Downloading files with a specific regular expression from remote http / https host to a target server local path.

So would like to wget http://remote.com/rpm/app*.rpm to a set of target servers. get_url doesn’t appear to support patterns as per Ansible Documentation. On the other hand, with_fileglob supports regular expressions and patterns but doesn’t work with HTTP.

Looking for suggestions.

Cheers,

TK

It's fundamentally impossible to do what you want, unless the remote
server offers some sort of file system equivalent, like a directory
index.

Dick

Thanks Dick!

I’ve started to get that impression after searching for quite some time.

Currently using a shell command like this to get only specific files down:

wget -r -nd --no-parent -A ‘patternhttp://site.com/path/to/file/

Hence why I was thinking it might be possible in Ansible.

Cheers,
TK

The recursive (-r) option of wget only downloads files that are ‘visible’.
This works fine for stuff like a web page with indexed directory listings etc.
But anything that is not listed won’t be magically retrieved.
If a site does not contain any links to content that is actually there, wget will not know about it and hence won’t download it.

If wget works, then http://remote.com/rpm must have links to all the files.
So you best bet is to use the ansible command module with said wget options - provided you want to use ansible.

Having said that, maybe you can elaborate on what the underlying task at hand is, and/or share the real/actual URLs etc.
It might be possible to achieve the same thing in a different way.

Dick

Let’s assume a real site:

http://mirror.centos.org/centos/7/os/x86_64/Packages/

wget -r -nd --no-parent -A '*glib*' [http://mirror.centos.org/centos/7/os/x86_64/Packages/](http://mirror.centos.org/centos/7/os/x86_64/Packages/)

Grabs all the packages that have glib in the name. Now you’re also right. If it’s not listed it won’t be downloaded. I’m talking about the listed packages.

So I used the shell command to run the wget, but I want to see if there is a pure ansible way of doing this.

Example:

`

wget -r -nd --no-parent -A ‘glibhttp://mirror.centos.org/centos/7/os/x86_64/Packages/

ls -altri|grep -v glib

total 72652
201326721 dr-xr-x—. 9 root root 4096 Mar 27 15:04 …
135239432 drwxr-xr-x. 2 root root 8192 Mar 27 15:07 .

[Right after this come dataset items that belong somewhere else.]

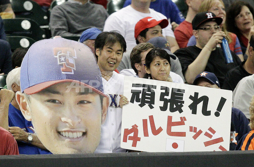 テキサス・レンジャーズのダルビッシュ有に声援を送るファン(2013年4月2日撮影)。(c)AFP/Getty Images/Bob Levey
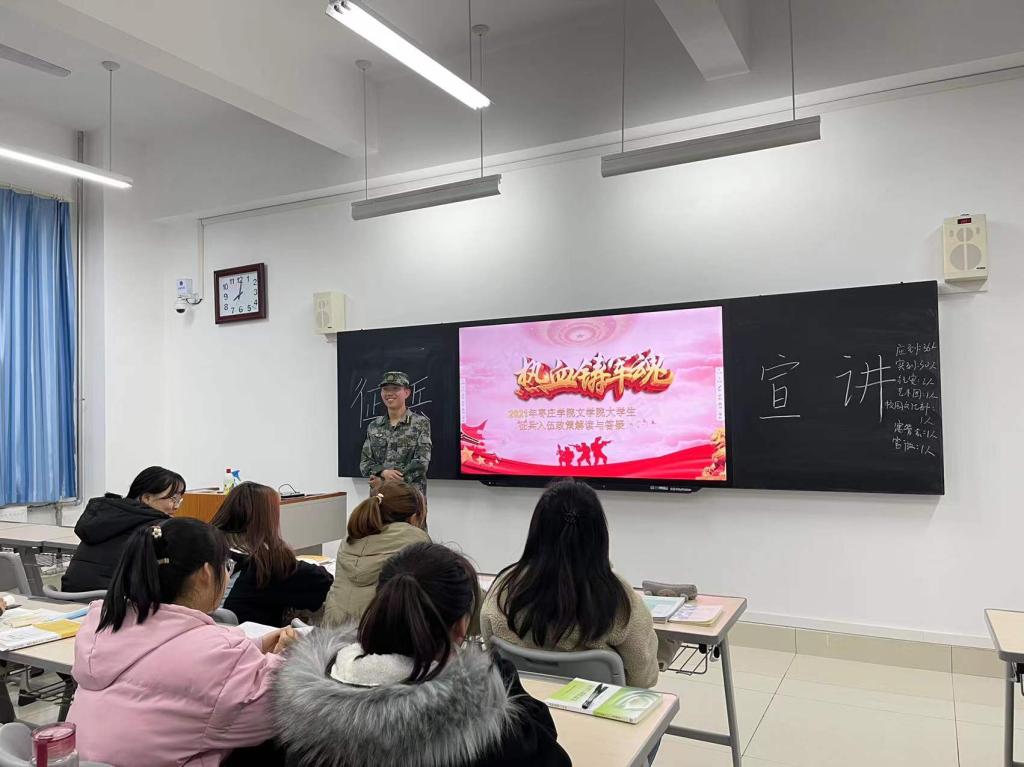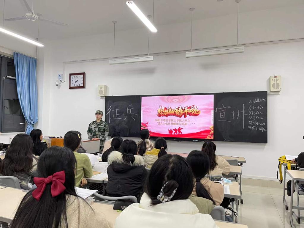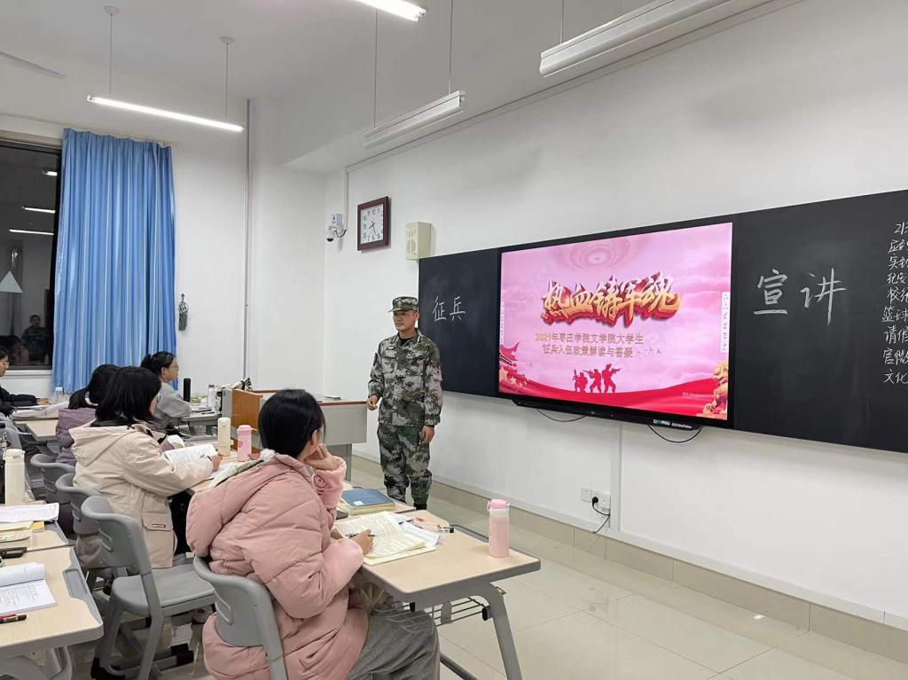 为贯彻落实强国强军思想,提升大学生国防意识,11月23日晚,永利yl23411集团在各班进行参军入伍政策宣讲。此次宣讲由永利yl23411集团退役大学生士兵、新校区教官卢萍、刘家名、赵阳和王华勇主讲,永利yl23411集团21级全体学生到场参加。
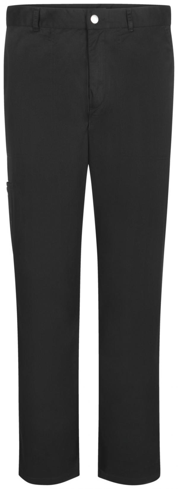 Men`s chef trousers made of easy-care, hard-wearing mixed fabric with straight cut, 2 attached mesh pockets and 1 back and 1 side pocket with press stud closure. JOBELINE availability guarantee. Material: 65% polyester, 35% cotton. 245 g/sqm. 60°C wash. Inner leg length: 80 cm at size 50.

well may you will need to read the output of curl and then grep over some html tags…

I do some like this :
curl grep -o -E ‘href=“([^”*]+)"’ | cut -d ‘"’ -f 2 | sort -n | sed -e ‘s////’ | tail -1

this wil give you el name of the last file in the list of href=“([^”*]+ in my case there are links…

if those files are tailor made for you then I would work with the team providing them to find an alternative way of doing this.

What if they created a json file containing all the file information and key that with the host info, after the files are generated?